What's the point of the deep learning model? Why not just search the metadata of the images?

yobbo · 4 years ago

What in your system is doing the text-to-vector encoding, and how did you train it?

alexcg1 · 4 years ago

We're using Transformers with `sentence-transformers/paraphrase-distilroberta-base-v1` model.

The framework is Jina (https://github.com/jina-ai/jina/) so it's pretty high-level. You can see the indexing/search Flow on lines 37-52 of https://github.com/alexcg1/jina-meme-search-example/blob/mai...

alexcg1 · 4 years ago

We rely on pre-trained models at the moment, since Jina supports loads of them out of the box.

For image search we use Big Transfer Encoder (https://github.com/jina-ai/executors/tree/main/jinahub/encod...) but may switch to CLIPImage encoder at some point

potamic · 4 years ago

Searching on google for old english meme immediately pulls up a bunch of Joseph Ducreux memes which is exactly what I was looking for. But this one does not return any. Are they not present in the dataset or could it be because of the way the algorithm works? Interested to hear some details on this setup.

alexcg1 · 4 years ago

Since I helped build it, I'll explain :)

This example is quick and dirty, indexing only about 1,000 images from a dataset we pulled from Kaggle.
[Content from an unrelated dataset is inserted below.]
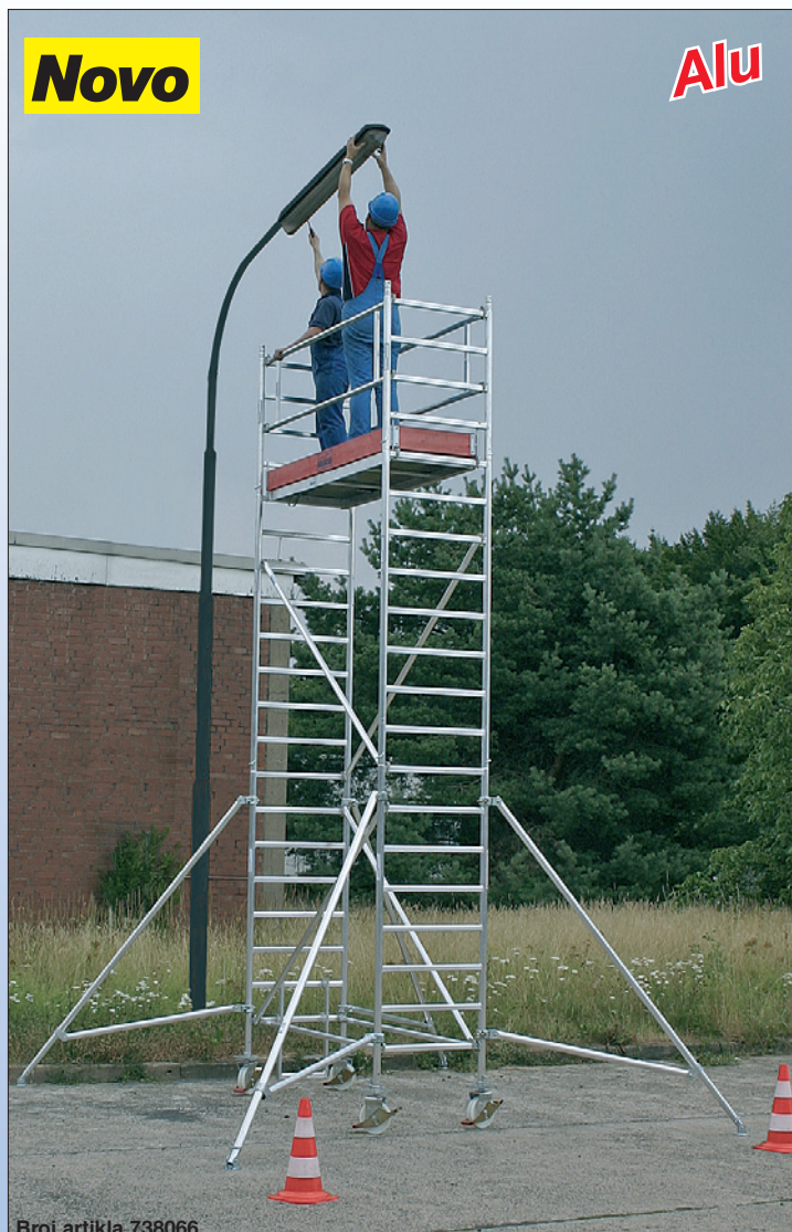
Broj artikla 738066

Važno upozorenje: U zavisnosti od montažnih varijacija obavezno je korišćenje balastnih tegova (dodatna oprema). Podaci o broju potrebnih balastnih tegova se nalaze u uputstvu za montažu i održavanje ili na internet sajtu proizvođača.
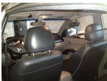
MEDIÇÃO DE SQ INTERNO

So if results suck, that's due to either the meme you search for not being in the dataset, or it just didn't get indexed in the random batch of 1,000.
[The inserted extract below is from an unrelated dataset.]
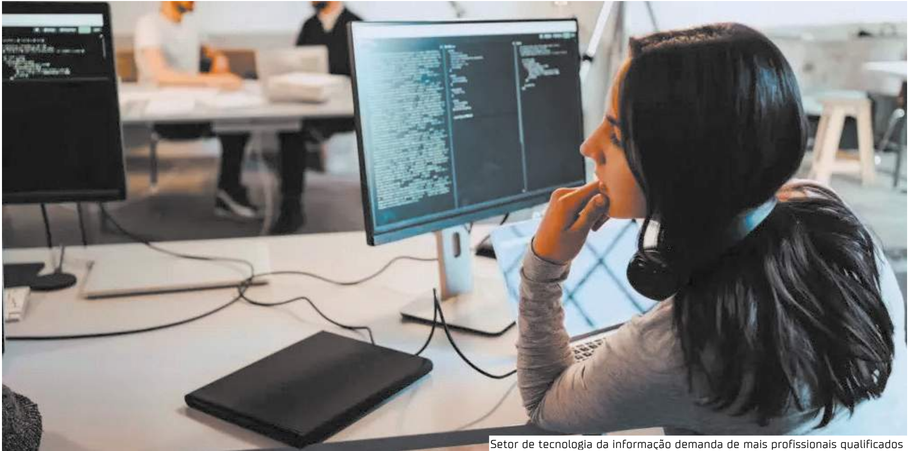
Setor de tecnologia da informação demanda de mais profissionais qualificados

“O crescimento exponencial da demanda por profissionais qualificados na área de tecnologia da informação e análise de dados reflete a urgente necessidade de uma resposta estratégica por parte das empresas e instituições de ensino. O dado

rockemsockem · 4 years ago

> So if results suck ...

Not trying to be harsh here, but if you only index 1000 random images and call it a meme search then it's going to suck. So it sucks because you all really didn't think this through. What are we supposed to take away from this? I have no way to evaluate the usefulness of the tech because it isn't capable of doing anything atm.

potamic · 4 years ago

I see. 1000 is probably a bit less to showcase a search concept but this is definitely a very interesting problem.

hotgeart · 4 years ago

I wanted this meme : https://knowyourmeme.com/memes/for-five-minutes

"Shrek 5 minutes"

None of the results is Shrek.

Ok... may be something simpler: "Shrek"

Same...

notcoolbezos · 4 years ago

I tried finding this - https://knowyourmeme.com/memes/who-killed-hannibal

"Eric andre shoot" | "Eric andre kill"...I'm getting the drake meme.
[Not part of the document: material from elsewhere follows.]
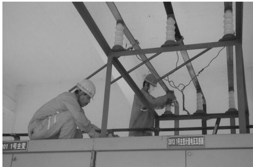
日前,凤凰山矿业公司机运车间组织专业人员对变电所两层35千伏和6千伏开关室内的所有供电设备设施进行了彻底清理除尘,并逐一紧固了母排和电缆头的连接螺栓,更换了表面有闪络的支柱瓷瓶。此举将有效保障该公司供电系统安全运行的可靠性。

本报讯 随着梅雨季节的到来,铜冠冶化分公司针对可能发生的暴雨、雷电等强对流天气,积极做好安全排查和防控工作,确保安全生产。 在对强对流天气防范工作中,该公司着重加强11千伏变电所、各车间间低压配电房和循环水泵房、危险化学品、输酸及输油气管道、酸库地槽、油库、园区区域排水、轻质雨棚、电缆桥架、现场项目施工和货物堆场维护等重点部位的防汛安全措施落实。 该公司要求各车间成立防汛防汛领导小组,制定落实相应的应对措施预案。做好应急物资蛇皮袋、锹、潜水泵等防汛防汛物资的储备。切实做到防汛器具设备、设施处于完好状态,保证各类应急器材用之即来,来之能用,

But searching for "Who killed" works.

Also this might just be me but it would be nice if the search bar also worked by pressing "Enter" after a query.

alexcg1 · 4 years ago

That's a restriction in the front-end framework unfortunately :(

Really hoping Streamlit supports that in future.

alexcg1 · 4 years ago

You can see this link. It explains why the meme search still needs a bit of work: http://examples.jina.ai:8501/?tab=Dude,%20this%20meme%20sear...

alexcg1 · 4 years ago

Likely because: a) Only so many meme types in the full dataset b) We only indexed 1000 memes to build a toy example

Had I known it would blow up I would've indexed more!

neilk · 4 years ago

For text search, this seems to be using trigrams or something? I tried “tired” and got a lot of “fired”, “required”, etc.

not useful for me, since I usually want a meme to match a mood or theme

alexcg1 · 4 years ago

If you search like "animal food" you'll get a lot of memes related to animals and food without specifically mentioning those words (e.g. "dogs" and "eating" in the caption) so it's definitely using a neural net to grok the semantics.

The trigram thing might just be a weird glitch in the pretrained model we're using (sentence-transformers/paraphrase-distilroberta-base-v1)

alexcg1 · 4 years ago

Hmmm...might be a model thing. We'll look into it

collsni · 4 years ago

"limit 200mb per file" that seems excessive, those are some hq memes.

alexcg1 · 4 years ago

Haha, that's the standard upload limit for Streamlit[1] apps. We just slapped together a quick front-end using that framework.

[1] https://www.streamlit.io/

kryptogeist · 4 years ago

Search by text have interesting results. Try "jina.ai".

anigbrowl · 4 years ago

I went from 'well it's OK' to 'I quite like this' to 'it's great!' in about 10 minutes.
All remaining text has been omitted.